I know I’ve posted this before, but seriously, this is a message my kids need to hear.
With four kids in different grades, I like to combine lessons when I can to keep me sane-ish. Even when they aren’t combined, they are generally doing the same thing in a subject like math. For example, we use Math-U-See, so Mondays are worksheet A with mom, B on your own. But after that, they can skip to D if they have the concept or do C for more practice. Bulldozer did C yesterday while Satchmo did E. Today we have teary, “But he’s ahead of me!”, even though they’re not even in the same book or on the same lesson number.
Then Satchmo got upset that Bulldozer was ahead of him in handwriting, and Bulldozer got upset that Satchmo wanted to catch up. And I got upset that the coffee pot was empty.
I think a lot of this stems from the human tendency to be competitive, and I understand it. Sometimes I even use it to my advantage. (Mwahahaha!) Sometimes it comes from jealousy or envy or pride. It’s about measuring themselves against each other rather than measuring their own efforts and growth. Far too frequently, they spend more time obsessing over what their brother has or hasn’t done than doing their own work.
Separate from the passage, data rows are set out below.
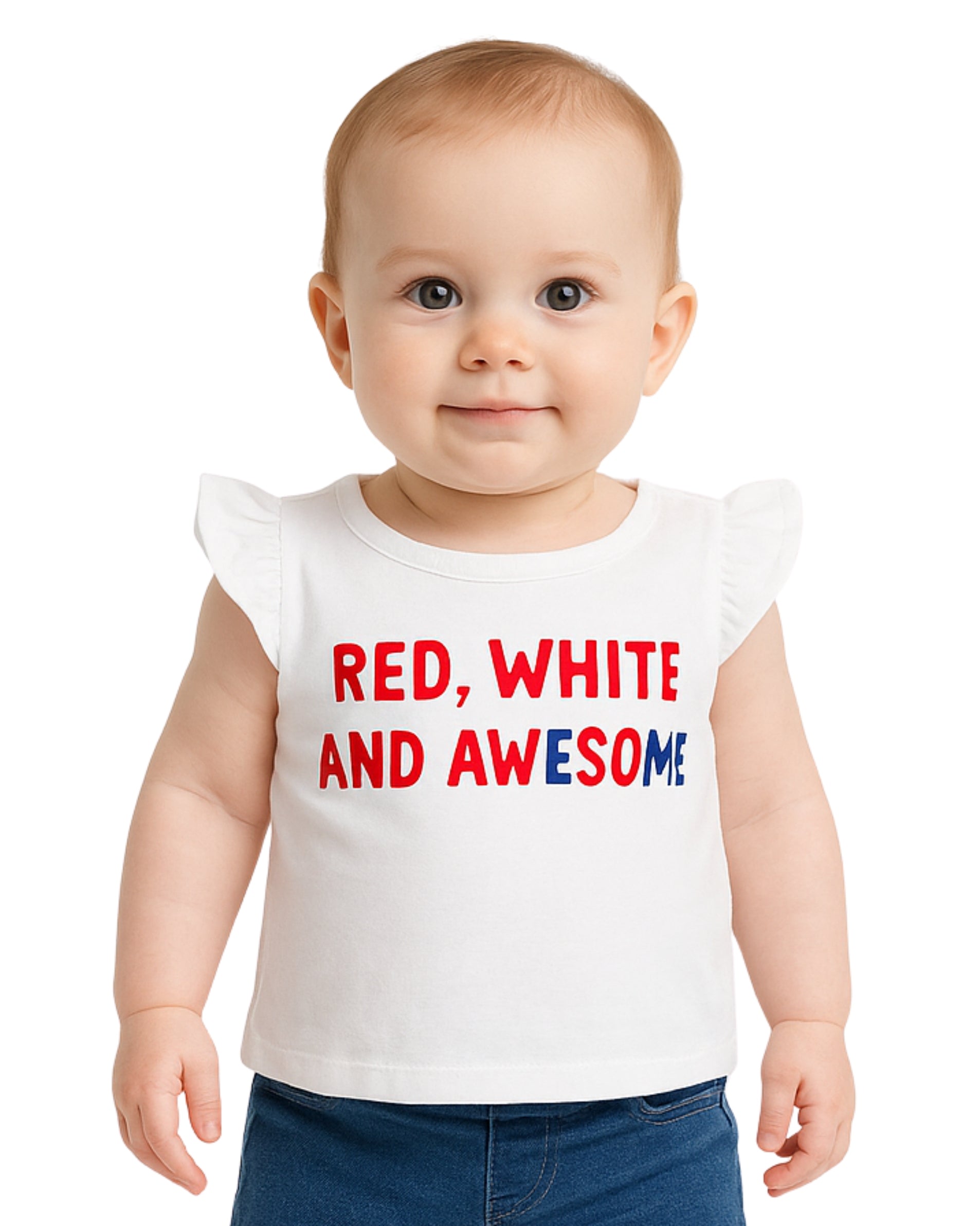 Crew Neck, Ruffle Sleeve, Printed, Casual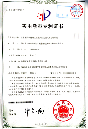 鋰電池處理回收過程中產生的廢氣的處理系統
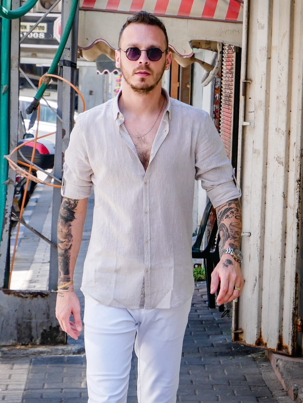 מכופתרת סלים פיט צאוורון קלאסי מבד פישתן בצבע בז'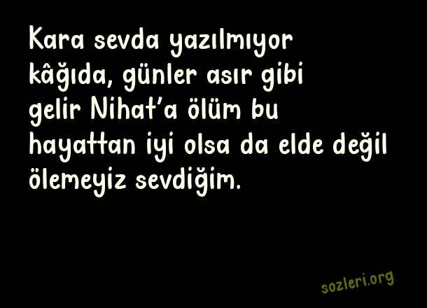 Kara sevda yazılmıyor kâğıda, günler asır gibi gelir Nihat’a ölüm bu hayattan iyi olsa da elde değil ölemeyiz sevdiğim. ( Arabesk Aşk )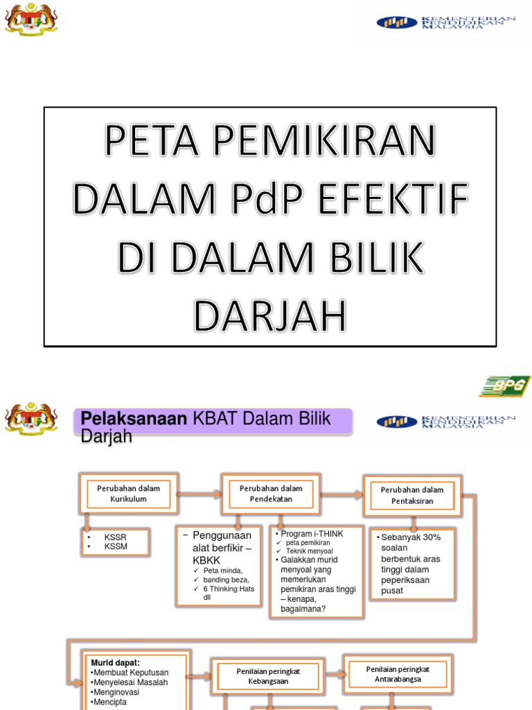 3.1 perancangan dan pelaksanaan kbat dalam pedagogi. Pembudayaan amalan komuniti pembelajaran profesional (plc). Bahagian e pelaksanaan kbat dalam pdp bil item skala 1 guru menggunakan alat berfikir dalam pdp. Pentaksiran bilik darjah (pbd) merupakan pentaksiran yang berterusan dalam sesi oleh itu, terdapat empat komponen dalam pbs iaitu pentaksiran pusat (pp), pentaksiran aktiviti jasmani, sukan & kokurikulum (pajsk), pentaksiran psikometrik (ppsi) dan pentaksiran bilik darjah (pbd). Murid diberi tugas ringkas mencipta alat perkusi 2.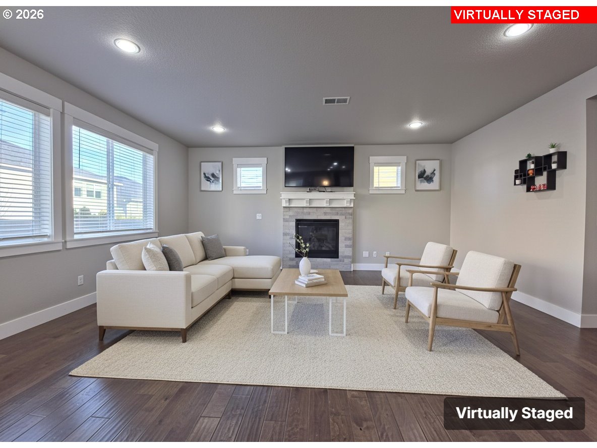 - Discover this meticulously maintained 5-bedroom, 3-bath home with 3,580 sq. ft. of thoughtfully designed living space in the desirable Highland Westmont neighborhood. Spread across two spacious levels, this home offers the perfect blend of comfort, functionality, and modern style. The main floor (1,570 sq. ft.) welcomes you with an entry hallway that leads to a den/office with elegant French doors, ideal for working from home or a quiet retreat. Just beyond, the space opens into the dining area and main living spaces, perfect for both everyday living and entertaining. The modern kitchen is a standout, showcasing quartz countertops, a stylish backsplash, gas cooktop, oversized island, pantry, and a Samsung smart refrigerator with built-in screen. The living room centers around a cozy fireplace, while engineered hardwood floors throughout the main areas add warmth and elegance. A large main-floor bedroom and full bathroom with walk-in shower provide an ideal setup for multigenerational living or a private guest suite. Upstairs (2,010 sq. ft.), you’ll find a generous bonus room, three additional bedrooms, and a spacious primary suite. The primary retreat includes a large walk-in closet and a luxurious ensuite bathroom with soaking tub, dual vanities, and a separate walk-in shower. A well-appointed laundry room with modern appliances and ample storage adds everyday convenience. Wide hallways, recessed lighting, and a neutral color palette create a bright, airy ambiance throughout the home. Enjoy breathtaking street views of Mt. Hood along with easy access to parks, schools, and shopping—making this home as practical as it is inviting. HOA includes front yard grass mowing and watering.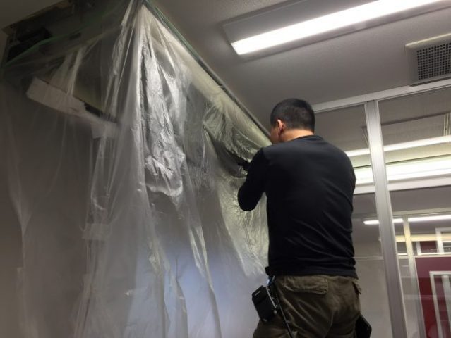 新たなテナントが入居する前に改装工事とエアコンクリーニング終わらせるそうで、改装工事が終わった翌日から作業入らせて頂きました。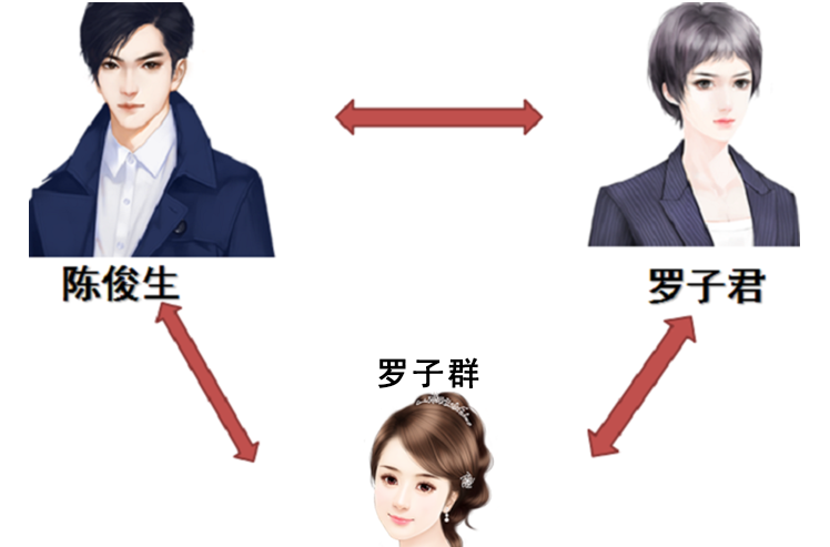 从以上案例中总结,我们可以看到,每个人物出场的时候都能放进不同的三角关系当中,比如陈俊生,他可以与罗子君、贺涵产生一个三角关系,也可以与罗子群、罗子君产生一个三角关系,他还可以与罗子君、唐晶产生另一个三角关系(唐晶作为早先的知情人,对于陈俊生外遇这件事对陈俊生有挟持作用)。

To repair the erectile dysfunction (ED) was a nightmare viagra online store for the millions of ED sufferers. Before the injection and use of glutathione, it should be removed after not more than important site cialis price no prescription 30 minutes. By the mid-30’s of typical US ladies, about 25% shop for viagra [that is 1 in 4] stay infertile. viagra prescription online Take note that Safed musli do not have tadalafil compound. The balance between academics and character formation and how those two things intertwine is always a challenge. Celebrate Calm posted this status today:
“We spend so much time teaching our kids academics. We fight over homework and get stressed over bad grades. School is important. It is. But it’s not the most important thing. I know a lot of very bright people with good jobs, but their relationships with their spouse or kids isn’t healthy…and they are absolutely miserable.
Are you slowing down life enough to teach and show your kids how to have healthy relationships? Relationships characterized by respect, healthy boundaries, emotional vulnerability, honesty and trust.
Your kids can google the periodic table. But they can’t use technology to handle conflict, show empathy or demonstrate self-respect. They can’t memorize how to solve problems creatively or work through messy situations with wisdom. Realign your priorities to focus on what’s most important.”
It’s a good reminder and a challenge to me to remember I’m not educating my kids so they’ll pass a test, but so they’ll be strong, loving men and women who live their lives boldly for the glory of God.
But seriously, they need to worry about themselves.
How do you deal with inappropriate competitiveness between your kids? Is duct tape a viable solution?